Exercise objective: Using the records below, quote only the span that opens with the line containing "А как ты думаешь, о" and closes with the line containing "Šaty rovného strihu", exactly and inclusively.

Records to use:
==================================================

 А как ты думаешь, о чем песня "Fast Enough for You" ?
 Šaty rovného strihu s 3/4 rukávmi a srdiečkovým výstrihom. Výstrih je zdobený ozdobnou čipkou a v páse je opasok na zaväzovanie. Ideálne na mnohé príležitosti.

==================================================

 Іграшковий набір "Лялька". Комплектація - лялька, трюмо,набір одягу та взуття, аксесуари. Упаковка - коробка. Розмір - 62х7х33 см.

==================================================

Problem solution:
 А как ты думаешь, о чем песня "Fast Enough for You" ?
 Šaty rovného strihu s 3/4 rukávmi a srdiečkovým výstrihom. Výstrih je zdobený ozdobnou čipkou a v páse je opasok na zaväzovanie. Ideálne na mnohé príležitosti.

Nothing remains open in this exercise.